Here, pace - and what fine specimens Mohammad Asif and Umar Gul are - has
been reduced to roles extras would scoff at. Asif didn't bowl at all today
(and he wasn't injured according to the selectors), Gul bowled seven
overs, while in all, Pakistan bowled 57 overs.
Barring a break to change ends, Abdur Rehman wheeled away throughout,
mostly partnered by Danish Kaneria. Neither was bad and the situation
beyond repair anyway, but relying entirely on both, ignoring your pace
made for mysterious ways.
Perhaps some myths need to be punctured, and not just that the quickest
way to a South African collapse is through the finger or the wrist.
Muttiah Muralitharan dispelled that notion last year (though only after
taking ten wickets against them): "South Africans are very good players of
spin. In the '90s I would say they were weak against spin but not now." On
this evidence, Murali is not wrong and if Jacques Kallis does have
weaknesses, spin doesn't seem one.
But as with the lazy assumption that Pakistani batsmen handle spin well,
so too should be ditched the notion that Pakistan has a great spin bowling
tradition and is a spin trap waiting to happen. There have been a few very
good ones, no doubt, and one probably great one. Over 55 years.
And even when Abdul Qadir was moodily turning matches, it was mostly in
tandem with pace. At its best, a lovely balance has existed: Imran at one
end, Qadir at the other, Wasim and Waqar with Mushtaq, Shoaib and Kaneria.
Pace has always played lead bully, spin its crafty, snide back-up,
scavenging away.
Had Malik chased up some previous in this matter, he may have hesitated
before boldly going where few Pakistan captains have gone before. Even at
Bangalore in 2005, when Pakistan last heavily relied on spin to win a
Test, they found Mohammad Sami in one of those rare, volatile moods
willing to blow away whatever came his way.
But the real series to dig up was England's visit in 2000-01. Pakistan,
believing England to be frail against spin, played two specialist spinners
in Faisalabad, two part-timers and opened the attack with Wasim Akram and
Abdul Razzaq. In Lahore they went one better and picked three specialist
spinners, one part-time and Akram and Razzaq for variety. In Karachi, they
played two specialists and a part-timer, Waqar Younis and Razzaq merely
taking shine off the ball. Nobody in Pakistan, and especially here in
Karachi, needs reminding of the consequences, and in particular that
England's hero was a tall left-arm wheely-bin.

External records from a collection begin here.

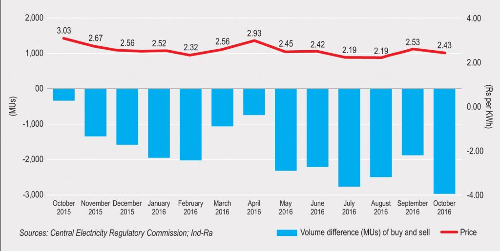 Power capacity addition in India is based on the five-year demand growth estimates prepared by the Central Electricity Authority (CEA). The CEA estimates are, in turn, based mainly on projections of the country’s GDP growth. Over the past few decades, the real growth in power demand has not matched up to the growth assumptions/CEA estimates. This can be due to factors such as less energy-intensive service sectors driving economic growth rather than the manufacturing sector. This is further exacerbated by the poor performance of distribution companies, which are plagued by high aggregate technical and commercial (AT&C) losses and resort to load- shedding rather than serving the latent demand due to poor recovery. This lack of sufficient offtake has led to large capacities of power plants not getting sufficient loads to serve. India’s per capita power consumption (1,010 kWh per annum) is very low compared to other countries such as China (4,000 kWh per annum) and developed countries (about 15,000 kWh per annum). Although efforts have been made to boost residential demand and the number of unelectrified villages has reduced to nearly half (6,175 as on December 31, 2016; Source: CEA) since the beginning of this financial year (11,344), a lot needs to be done on the industrial power consumption front. India has 60-90 GW of DG set capacity and about 60 GW of thermal generating capacity for captive, largely grid-connected generation, which has been set up by industries due to the absence or inadequacy of reliable grid-based power supply.
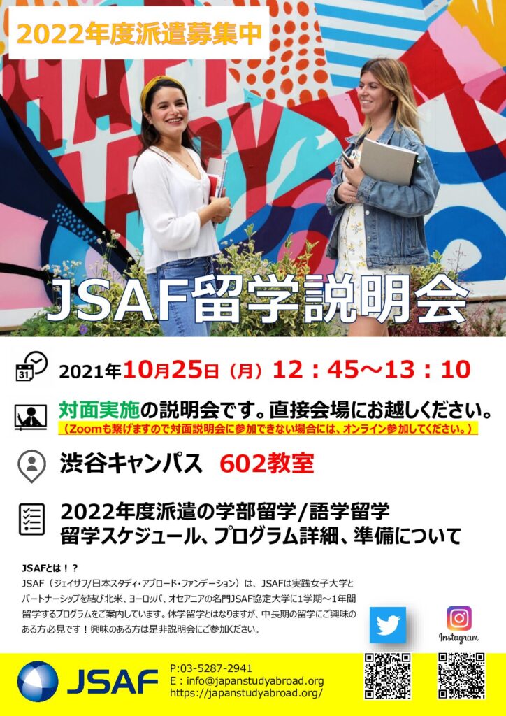 大学別JSAF留学・学内説明会情報EVENT ホーム - 大学別JSAF留学・学内説明会情報 - 実践女子大学 実践女子大学 このページでは、実践女子大学生向けJSAF留学説明会に関する情報をお届けします。ぜひご確認のうえ、奮ってご参加ください。ご不明な点はお気軽にJSAFまでお問合せ下さい。 実践女子大学 終了しました オンライン留学カウンセリングおよび留学セミナー実施中! 留学を検討している方は、まずは下記ステップから始めましょう! 実践女子大学 留学情報ページはこちら
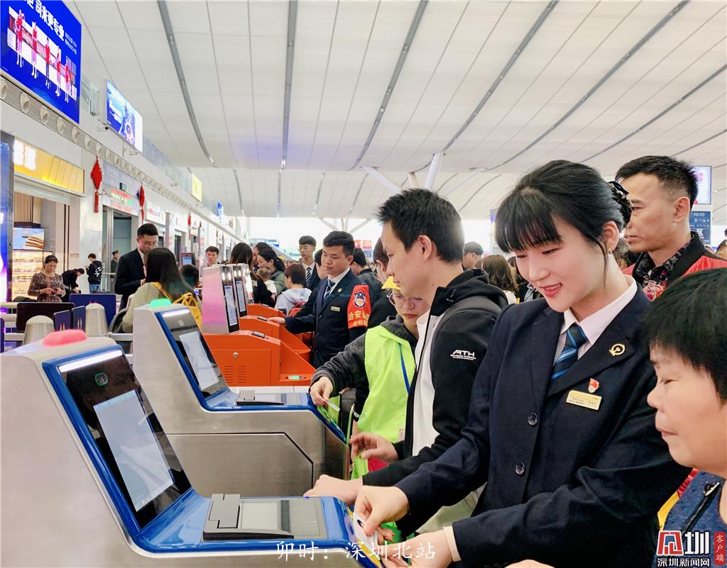 早晨6點(diǎn)50分左右,深圳北站候車(chē)大廳內(nèi),車(chē)站工作人員羅瑜欣幫助乘客檢票。
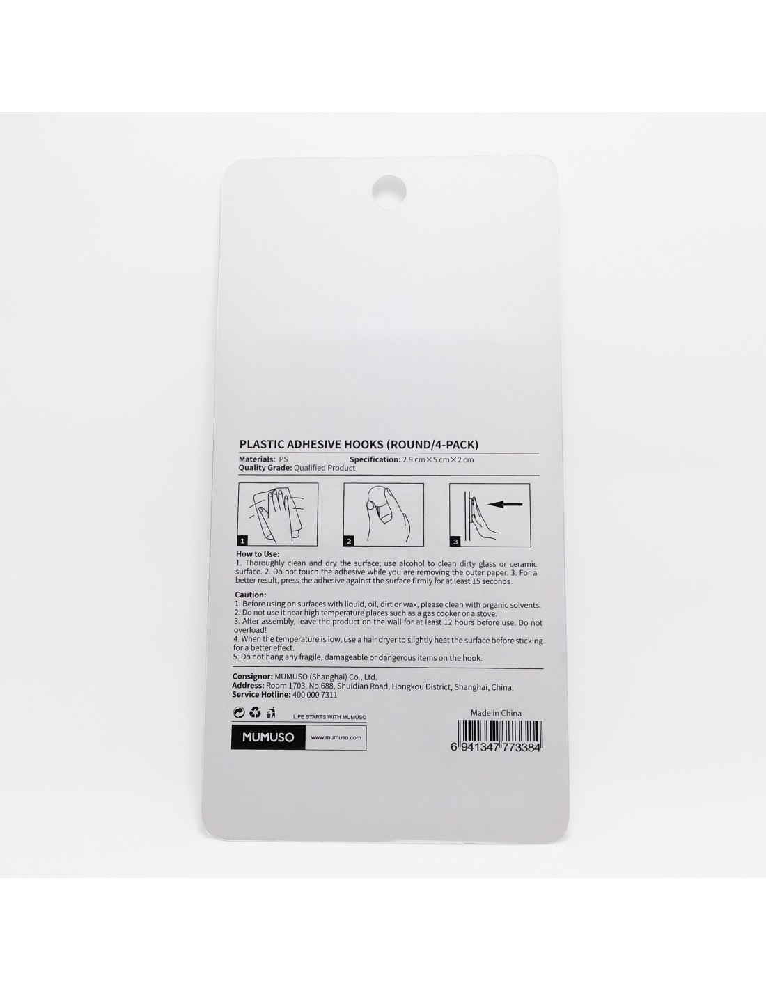 Le crochet auto-adhésif circulaire de MUMUSO en lot de quatre peut être facilement collé au verre, au bois, au métal, à la céramique, aux carreaux, etc.L'acier inoxydable rend le crochet ferme et peut accueillir toutes sortes d'accessoires, ne dépassant pas un kilogramme.
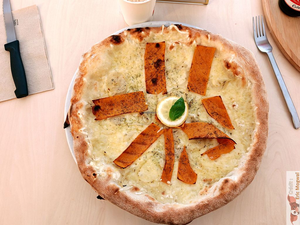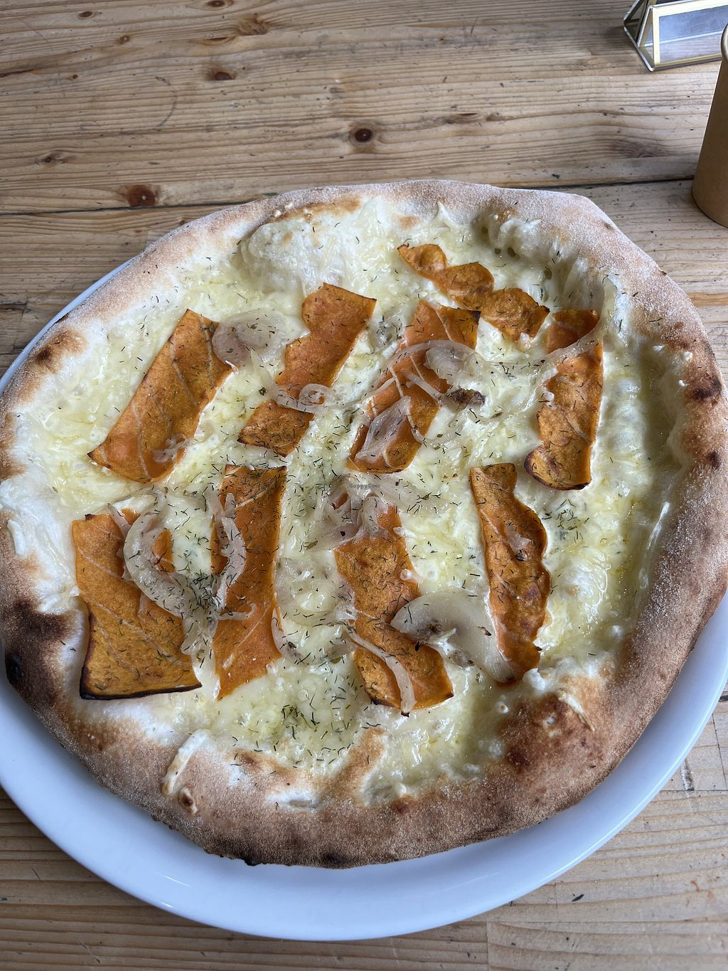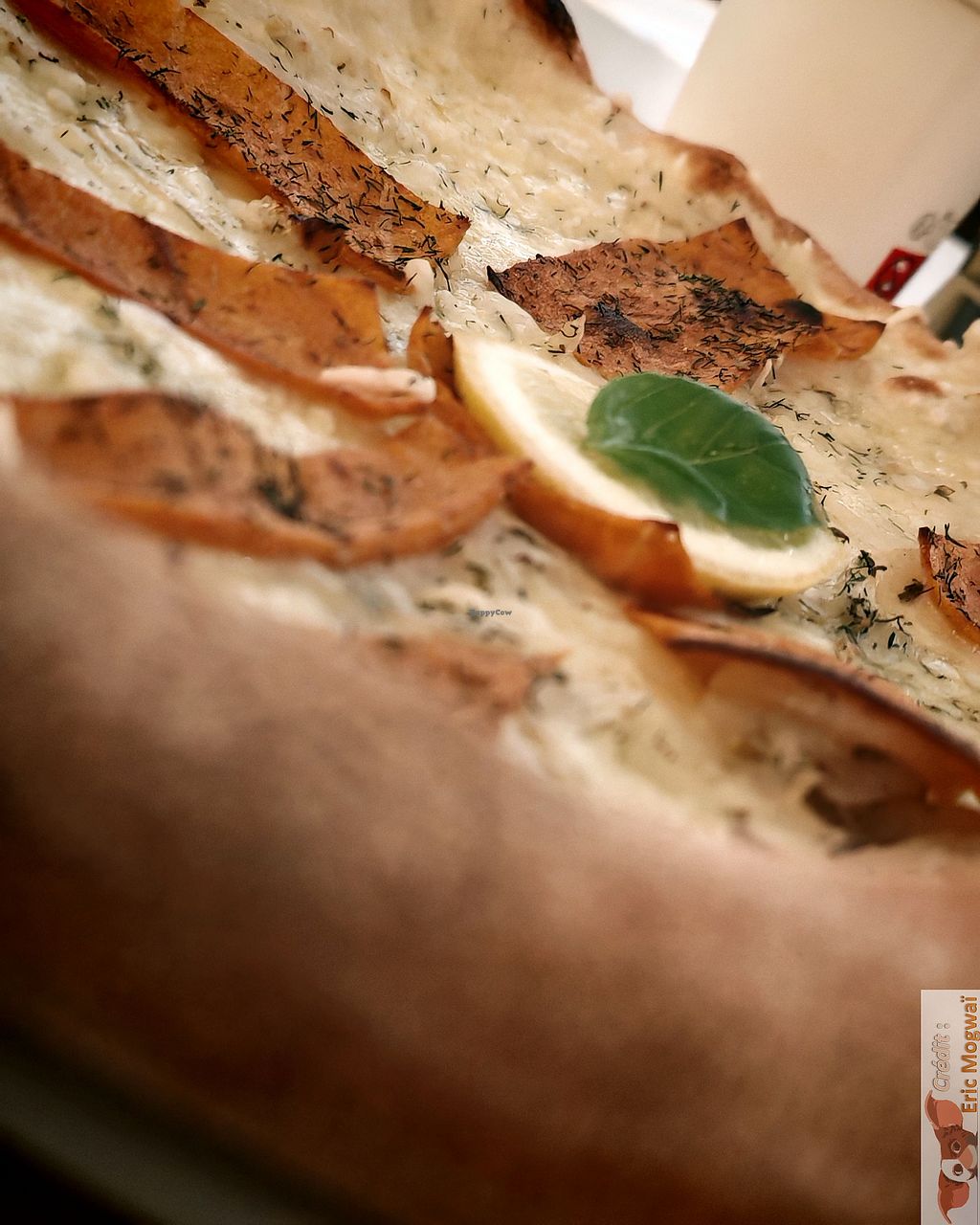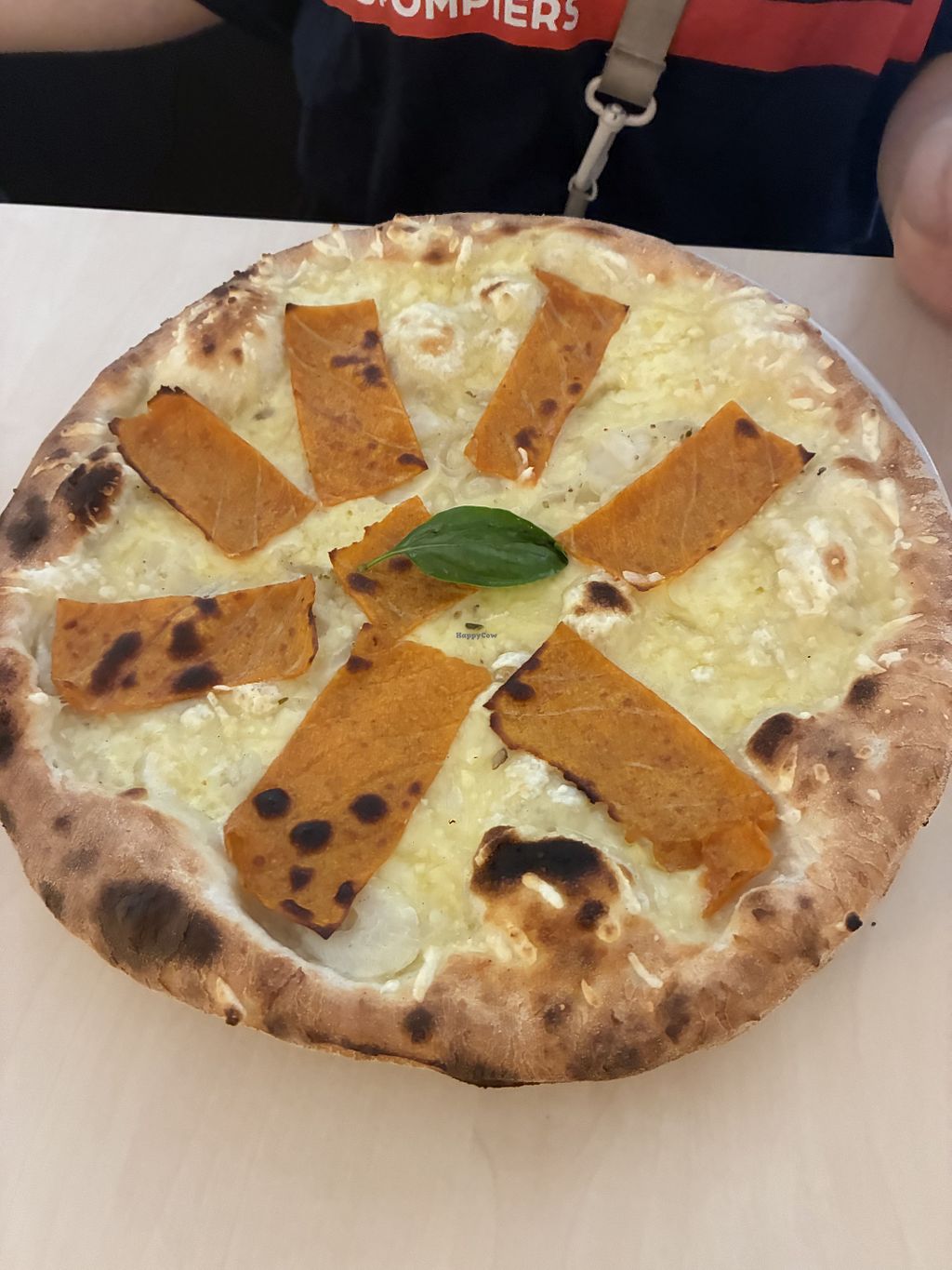 Excellente pizza du mois « saumon Vegan ». Une vraie proposition Végane : il y a du choix dans les ingrédients, il y a du choix dans les pizzas et les desserts, et la pâte est excellente ! Tout est au rendez-vous !

South Africa, who are not muddled and instead utterly realistic about
their strengths, have made far better use of the same pitch with four
seamers and one spinner. As England's pace attack did back then, Andre Nel
and Jacques Kallis have mixed, matched and messed Pakistan up. That has
allowed Dale Steyn and Paul Harris a free hand to do what they are there
for. So well have they done that an out-of-sync Makhaya Ntini has barely
been noticed.
Whatever the result here, Pakistan have a problem to resolve already. Do
they stick with spin or slip back to their strength? Eight wickets on
debut, as Rehman took, is not to be sniffed at though neither is a
200-plus Test wicket legspinner. Word is that Lahore might also spin and
two spinners might play again. Dropping Mohammad Hafeez for a seamer is a
get-out clause, though it leaves their opening even weaker, more makeshift
than it already is.
Despite Younis Khan's magnificent fit of batting madness in the afternoon,
Pakistan are still likely to end up paying the consequences. And if they
persist in Lahore, then consequences may be greater still.